A record 187 people attended the lecture, with another 27 who joined online. The lecture and Flickr album can be viewed online.

Elaine gave the same talk a week later at an alumni event held at the University of Alberta Calgary Centre, which attracted a standing-room-only audience of over 110 people.


Fostering alumni relations on the west coast

The University of Alberta’s Office of Alumni Relations organized two luncheons in December in Victoria and Vancouver, with featured speaker Cam Wild, who spoke on Five Things to Know about Addictions. The School sponsored a table at each event which provided an excellent opportunity for our alumni to catch up on news of the School from myself and also Donna Richardson (marketing and alumni relations) and Katherine Millen Worré (advancement).


New grads honoured at Fall Convocation

On November 21, 31 students received their degrees (14 MPH, 13 MSc, and 4 PhD) from Associate Dean (Research) Kim Raine at Fall Convocation. The complete list and the Flickr album is available online.


Faculty, staff and alumni achievements recognized

Kate Storey received a New Investigator operating grant from the Canadian Institutes of Health Research. Her project is on the impact of school-based sleep education on children’s sleep behaviours at home.

This year the teaching awards sponsored by the School of Public Health Students’ Association (SPHSA) and the Staff Recognition Award were presented in a joint event on November 28.

SPHSA teaching awards were presented to:
• Erin Pollock, Advisor of the Year
Arto Ohinmaa, Supervisor of the Year
Ruth Wolfe, for her Outstanding Contribution to Student Life
• Kirill Lissovskiy, Teaching Assistant of the Year
Maria Ospina, Professor of the Year (large class)
Dean Eurich, Professor of the Year (small class)
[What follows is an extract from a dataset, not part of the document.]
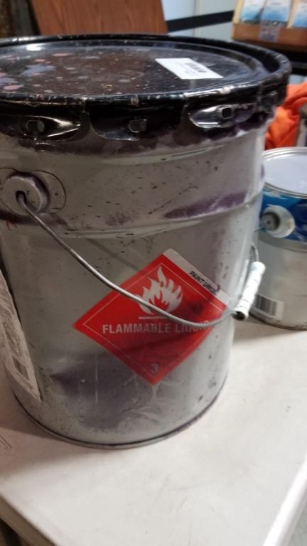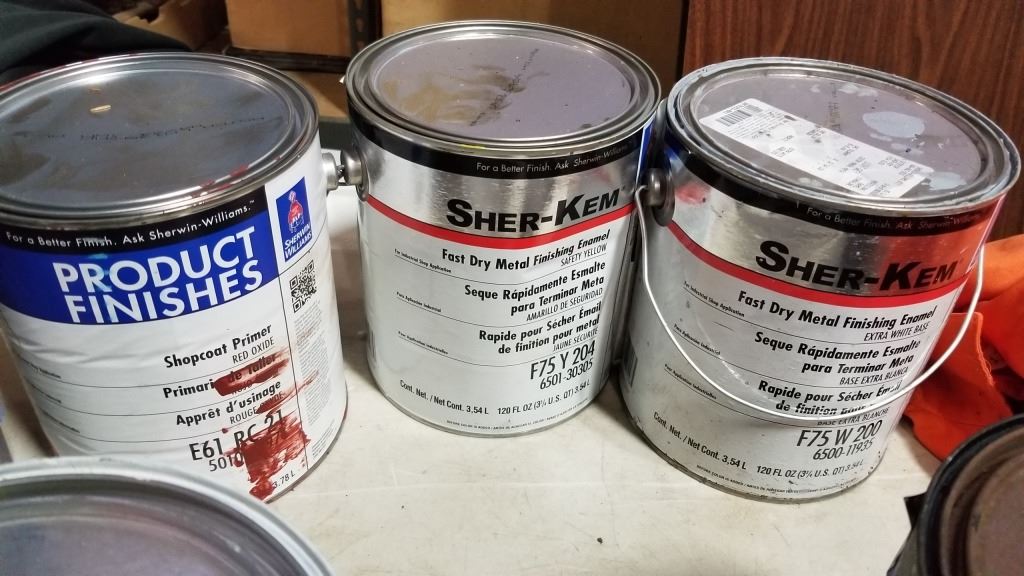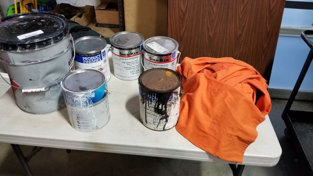 Lot of shop coat primer and other paint with 2 pairs of coveralls

The School of Public Health Staff Recognition Award was presented to Donna Pressick, administrative assistant with the Alliance for Canadian Health Outcomes Research in Diabetes (ACHORD), a research unit in the School.

It seems that each year some of our alumni are named to an honour list published by Avenue Magazine of Edmonton. This year is no exception.

Keren Tang (MSc ‘14) and Devon Guy (MPH ‘17) were both named among the “Top 40 under 40.”

Kathryn Dong (MSc ‘07) was named Global Woman of Vision for her clinical work and research at the Royal Alexandra Hospital and advocacy on behalf of Edmonton’s inner city residents.

A full list of recipients of student scholarships and awards is available for viewing.


And we had fun, too

On November 8, we sought relief from the Edmonton winter blues by visiting Escape City. Members of the School community and their families and friends exercised their wits to find hidden clues, riddles and solve puzzles in order to break out from several locked rooms. No one was left behind.

On December 8, we ended the academic year with our annual Winter Party.